- **WHAT THIS TASK INVOLVES**
Write out every entry exactly; the pictures do not belong in the copy.

(Stored items from a collection)
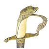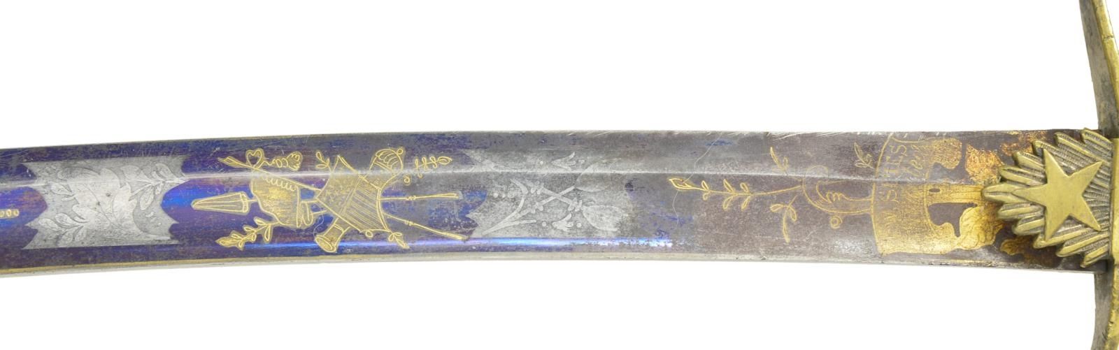 Overall length: 38 3/8”. Blade length: 30 1/4". Tri-color blade has a single wide fuller with gold highlighted etching on a blued field over half the length of the blade. Etching includes a spray of arms with federal shield along with foliate & patriotic motifs. A ribbon near the hilt reads “A.W. SPIES WARRANTED”. There are 2 small etched white panels on each side of the blade. Silvered brass hilt with a large star on each languet. Plain guard with star & leaf decorated drop quillon. The knuckle bow is highly embellished with floral & foliate motifs. Eagle head pommel with plain backstrap. Carved certifiably antique ivory grip. Silver plated brass scabbard with engraved foliate motifs & American eagle. CONDITION: blade shows a light gray patina with expected overall wear. Hilt is a bit loose & slightly misshaped. The rear languet is missing the bottom 1/3. Silver plating is about 20% intact. Grip is undamaged. Scabbard shows a deep mustard patina with scattered areas of sliver plate remaining. There is a significant crack at the mid-point of the scabbard. (02-19185/BF). $1,200-1,700.
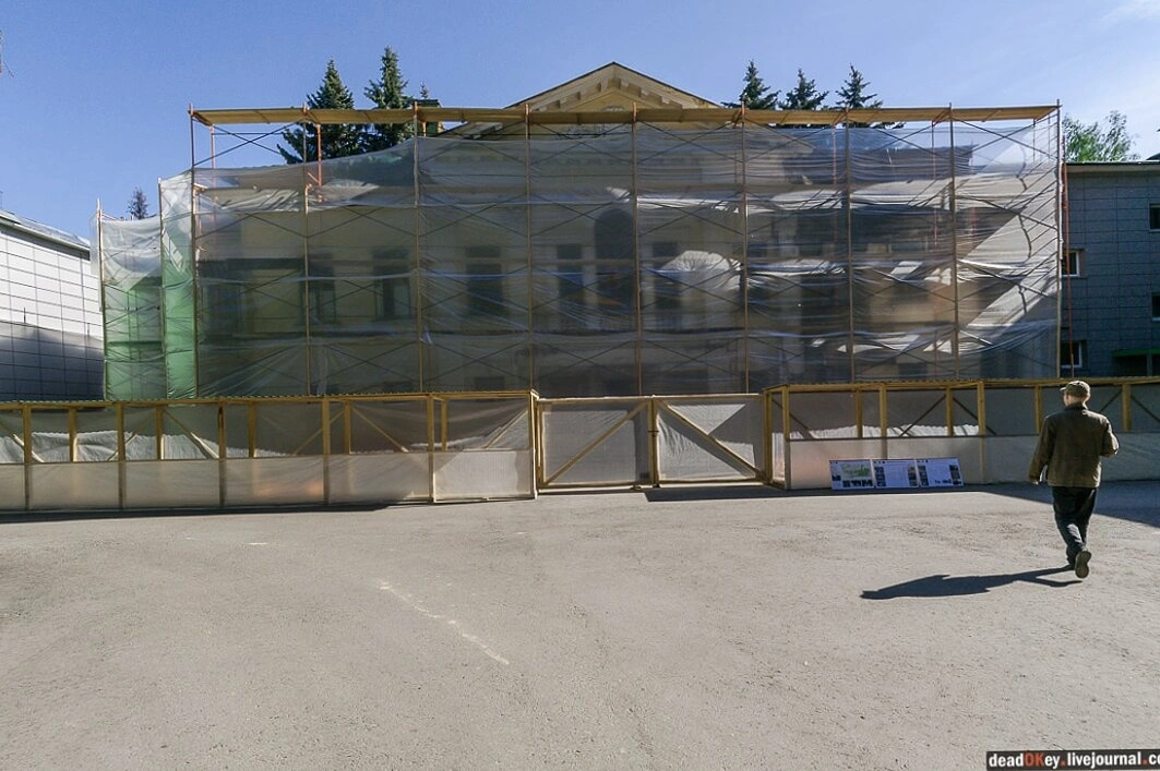 Двухэтажное церковное здание, возведённое в классическом стиле православного зодчества, временно укрыто защитной зелёной сеткой, сквозь которую просматриваются лишь отдельные элементы фасада. Перед храмом установлено временное ограждение, отделяющее территорию проведения восстановительных работ от остальной площади.
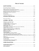 Table of Contents SAFETY SECTION . . . . . . . . . . . . . . . . . . . . . . . . . . . . . . . . . . . . . . . . . . . . 1-1 General Safety Instructions and Practices . . . . . . . . . . . . . . . . . . . . . . . . . . . . . . . . . . . . . . . . . . . . . . . . . . . . 1-2 Operator Safety Instructions and Practices . . . . . . . . . . . . . . . . . . . . . . . . . . . . . . . . . . . . . . . . . . . . . . . . . . . 1-3 Equipment Operation Safety Instructions and Practices . . . . . . . . . . . . . . . . .
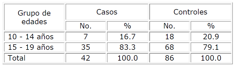 En la distribución de los casos y controles según grupo de edades (Tabla 1), predominó el grupo de edades de 15 a 19 años en ambos, para un 83.3% de casos y un 79.1% de controles.
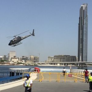ヘリの発着場所はドバイ国際空港近くのドバイクリーク(運河)沿い。ホテルまでの送迎をお願いしたため無事つけましたが、とても分かりづらい場所なので、自力で現地に着くのは至難の技と思います。
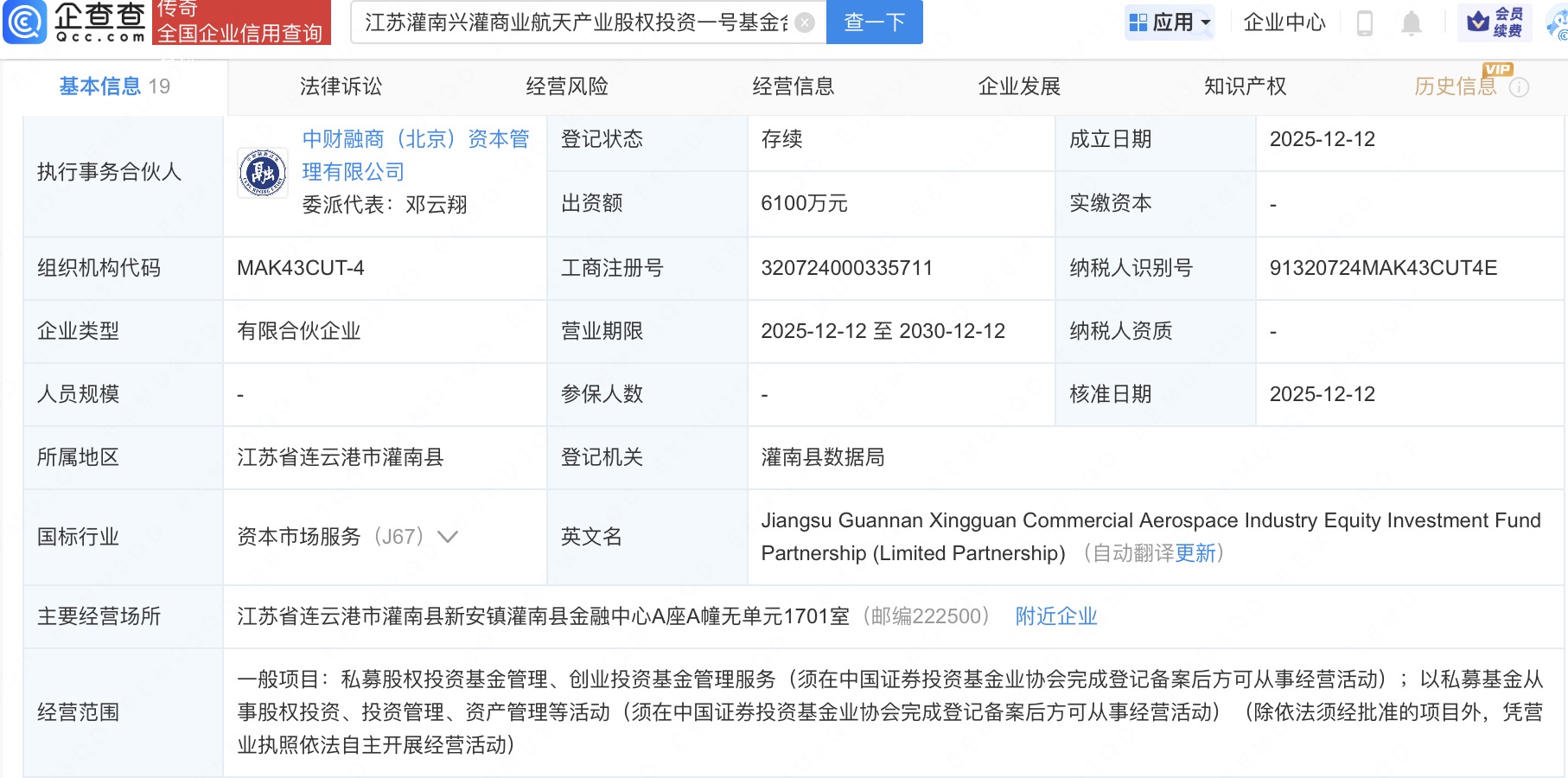 企查查APP显示,近日,江苏灌南兴灌商业航天产业股权投资一号基金合伙企业(有限合伙)成立,经营范围包含:私募股权投资基金管理、创业投资基金管理服务等。企查查股权穿透显示,该企业由连云港灌河金融控股集团有限公司等共同出资。
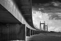 De Prins Willem-Alexanderbrug is een indrukwekkend staaltje architectuur dat niet alleen een belangrijke functie heeft in het dagelijks leven, maar ook een visueel statement maakt. Met deze zwart-wit foto wil ik de kijker uitnodigen om het imposante karakter en de esthetiek van de brug te ervaren en te waarderen.
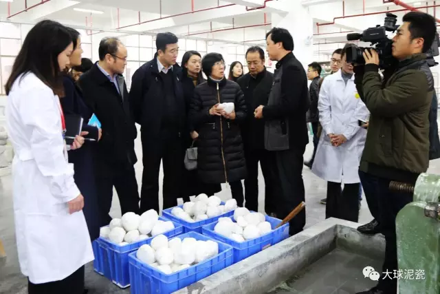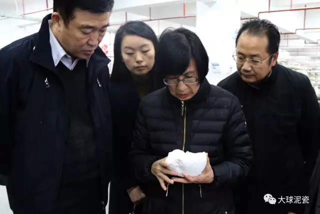 在大球泥原料煉制區(qū),耿焱教授一行被眼前雪白球狀的原料深深吸引住了。“大球泥是非常珍稀的礦產(chǎn)資源,這種礦石每個中心都有一個內(nèi)核,雜質(zhì)聚集中間,需要去掉內(nèi)核方能制瓷”,董事長滕召華一邊介紹一邊砸開一坨雪白的大球泥,將露出的內(nèi)核展示給大家看。
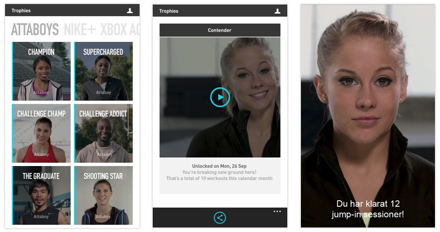 Clicking the attaboy reveals a full screen video and on completion, reverts to a summary screen of the attaboy. Clicking trophies shows the name, icon and brief description of the award.
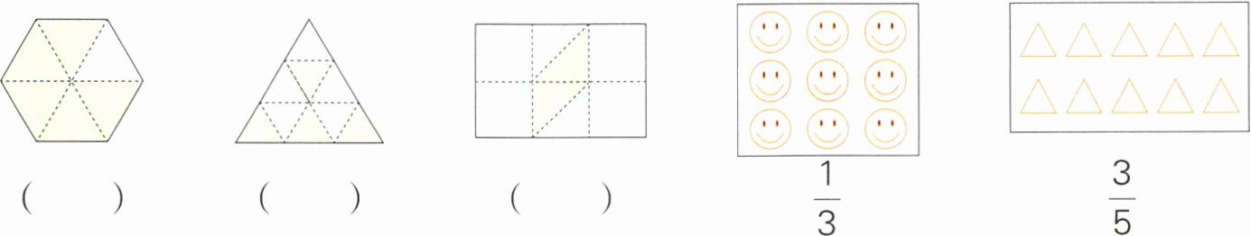 1. 用分数表示下列各图的涂色部分或在图中涂色表示对应的分数。
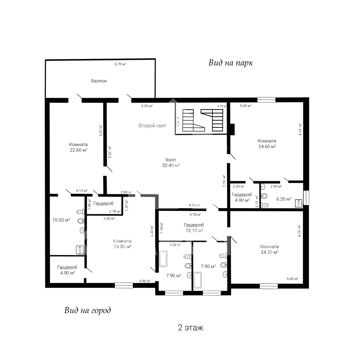 2 этаж: 4 -спальни - с хорошими видовыми характеристиками, каждая имеет свою гардеробную и ванную комнату. Второй свет (потолки 4-8 м), выход на террасу.
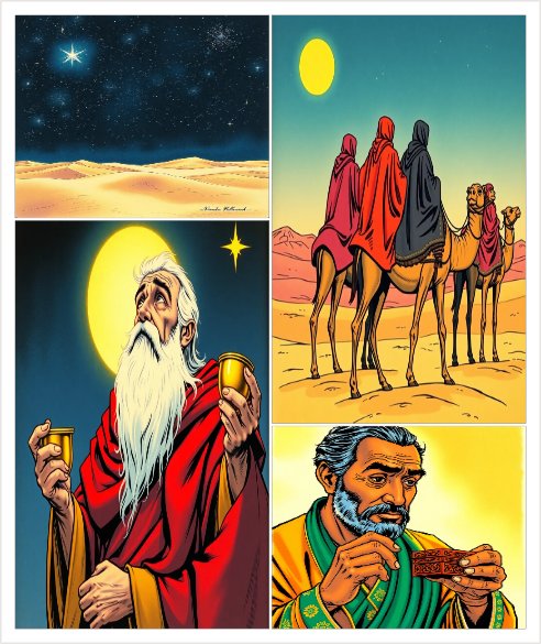 Por la fecha de enero quisiera recrear una historia de los reyes magos ( reyes de oriente ) apegado a la historia por favor ๐
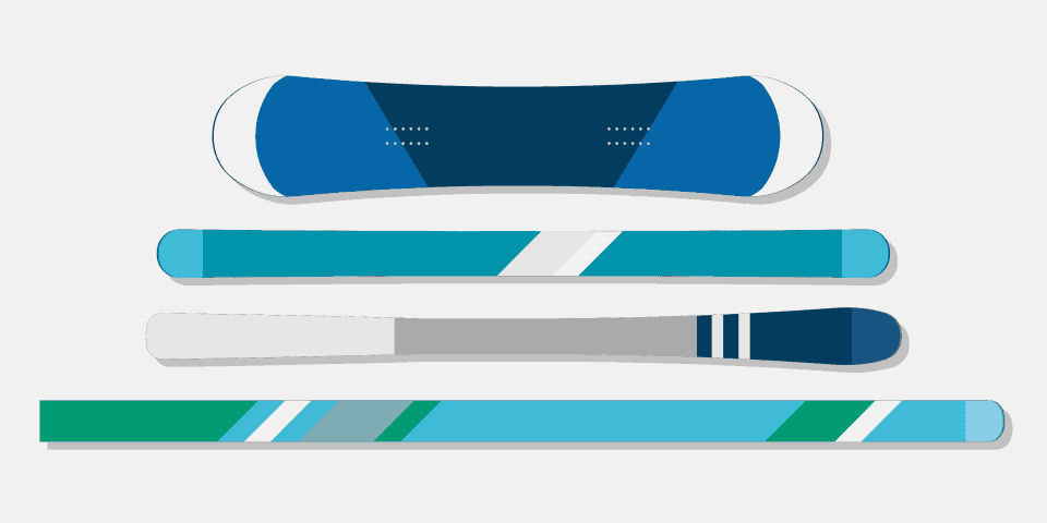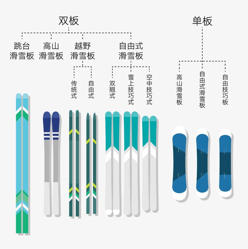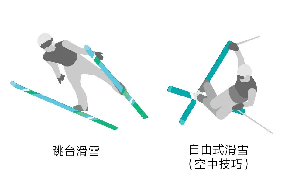 跳台滑雪所使用的雪板乃是所有双板之中长度最长、宽度最宽的,运动员腾空之后宛如长有羽翼,凭借板面条接住空气进而飛越至更远之处。自由式滑雪空中技巧的板子则短了许多,如此在空中做出翻跟头、拧转动作时才不至于相互碰撞。
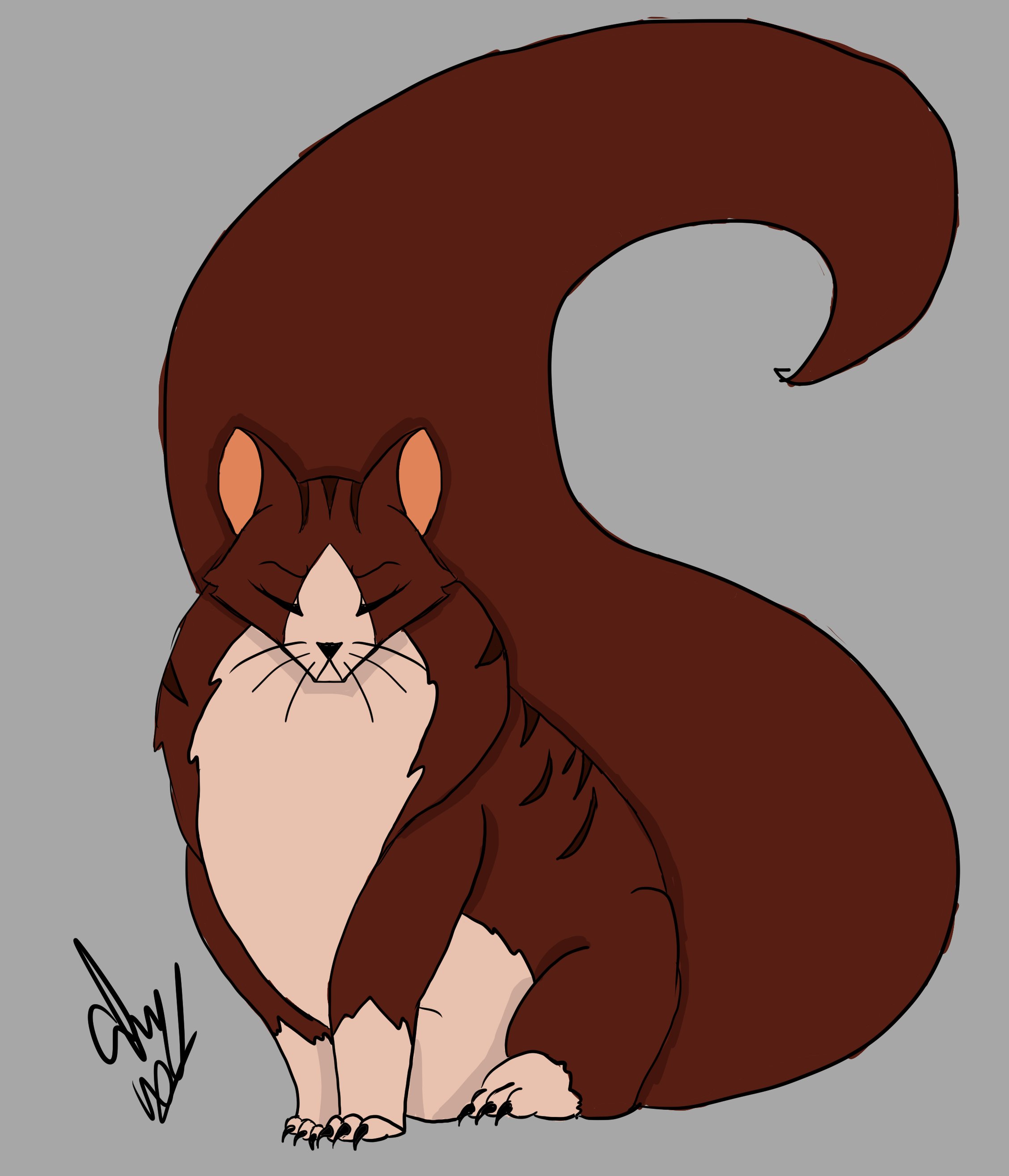 Also! She had found out what she looked like. Apparently her ‘inner-now-outer’ cat form was some type of Norwegian Forest cat (only reason she knew is because she entertained getting one in the past). She was on the thin size for a cat, probably due to the lack of food, but she was still 11 pounds of pure floof. She was a rusty reddish-brown color with a darker shade running tiger stripes through it. From the tip of her forehead, spreading downward along her face and coating her entire underbelly, her color was white. She also had white ‘socks’ as they call it, while the rest of her leg was the reddish-brown. All-in-all, she thought she was a very pretty cat.

- **RESPONSE FOR THIS EXERCISE**
 Overall length: 38 3/8”. Blade length: 30 1/4". Tri-color blade has a single wide fuller with gold highlighted etching on a blued field over half the length of the blade. Etching includes a spray of arms with federal shield along with foliate & patriotic motifs. A ribbon near the hilt reads “A.W. SPIES WARRANTED”. There are 2 small etched white panels on each side of the blade. Silvered brass hilt with a large star on each languet. Plain guard with star & leaf decorated drop quillon. The knuckle bow is highly embellished with floral & foliate motifs. Eagle head pommel with plain backstrap. Carved certifiably antique ivory grip. Silver plated brass scabbard with engraved foliate motifs & American eagle. CONDITION: blade shows a light gray patina with expected overall wear. Hilt is a bit loose & slightly misshaped. The rear languet is missing the bottom 1/3. Silver plating is about 20% intact. Grip is undamaged. Scabbard shows a deep mustard patina with scattered areas of sliver plate remaining. There is a significant crack at the mid-point of the scabbard. (02-19185/BF). $1,200-1,700.
 Двухэтажное церковное здание, возведённое в классическом стиле православного зодчества, временно укрыто защитной зелёной сеткой, сквозь которую просматриваются лишь отдельные элементы фасада. Перед храмом установлено временное ограждение, отделяющее территорию проведения восстановительных работ от остальной площади.
 Table of Contents SAFETY SECTION . . . . . . . . . . . . . . . . . . . . . . . . . . . . . . . . . . . . . . . . . . . . 1-1 General Safety Instructions and Practices . . . . . . . . . . . . . . . . . . . . . . . . . . . . . . . . . . . . . . . . . . . . . . . . . . . . 1-2 Operator Safety Instructions and Practices . . . . . . . . . . . . . . . . . . . . . . . . . . . . . . . . . . . . . . . . . . . . . . . . . . . 1-3 Equipment Operation Safety Instructions and Practices . . . . . . . . . . . . . . . . .
 En la distribución de los casos y controles según grupo de edades (Tabla 1), predominó el grupo de edades de 15 a 19 años en ambos, para un 83.3% de casos y un 79.1% de controles.
ヘリの発着場所はドバイ国際空港近くのドバイクリーク(運河)沿い。ホテルまでの送迎をお願いしたため無事つけましたが、とても分かりづらい場所なので、自力で現地に着くのは至難の技と思います。
 企查查APP显示,近日,江苏灌南兴灌商业航天产业股权投资一号基金合伙企业(有限合伙)成立,经营范围包含:私募股权投资基金管理、创业投资基金管理服务等。企查查股权穿透显示,该企业由连云港灌河金融控股集团有限公司等共同出资。
 De Prins Willem-Alexanderbrug is een indrukwekkend staaltje architectuur dat niet alleen een belangrijke functie heeft in het dagelijks leven, maar ook een visueel statement maakt. Met deze zwart-wit foto wil ik de kijker uitnodigen om het imposante karakter en de esthetiek van de brug te ervaren en te waarderen.
 在大球泥原料煉制區(qū),耿焱教授一行被眼前雪白球狀的原料深深吸引住了。“大球泥是非常珍稀的礦產(chǎn)資源,這種礦石每個中心都有一個內(nèi)核,雜質(zhì)聚集中間,需要去掉內(nèi)核方能制瓷”,董事長滕召華一邊介紹一邊砸開一坨雪白的大球泥,將露出的內(nèi)核展示給大家看。
 Clicking the attaboy reveals a full screen video and on completion, reverts to a summary screen of the attaboy. Clicking trophies shows the name, icon and brief description of the award.
 1. 用分数表示下列各图的涂色部分或在图中涂色表示对应的分数。
 2 этаж: 4 -спальни - с хорошими видовыми характеристиками, каждая имеет свою гардеробную и ванную комнату. Второй свет (потолки 4-8 м), выход на террасу.
 Por la fecha de enero quisiera recrear una historia de los reyes magos ( reyes de oriente ) apegado a la historia por favor ๐
 跳台滑雪所使用的雪板乃是所有双板之中长度最长、宽度最宽的,运动员腾空之后宛如长有羽翼,凭借板面条接住空气进而飛越至更远之处。自由式滑雪空中技巧的板子则短了许多,如此在空中做出翻跟头、拧转动作时才不至于相互碰撞。
 Also! She had found out what she looked like. Apparently her ‘inner-now-outer’ cat form was some type of Norwegian Forest cat (only reason she knew is because she entertained getting one in the past). She was on the thin size for a cat, probably due to the lack of food, but she was still 11 pounds of pure floof. She was a rusty reddish-brown color with a darker shade running tiger stripes through it. From the tip of her forehead, spreading downward along her face and coating her entire underbelly, her color was white. She also had white ‘socks’ as they call it, while the rest of her leg was the reddish-brown. All-in-all, she thought she was a very pretty cat.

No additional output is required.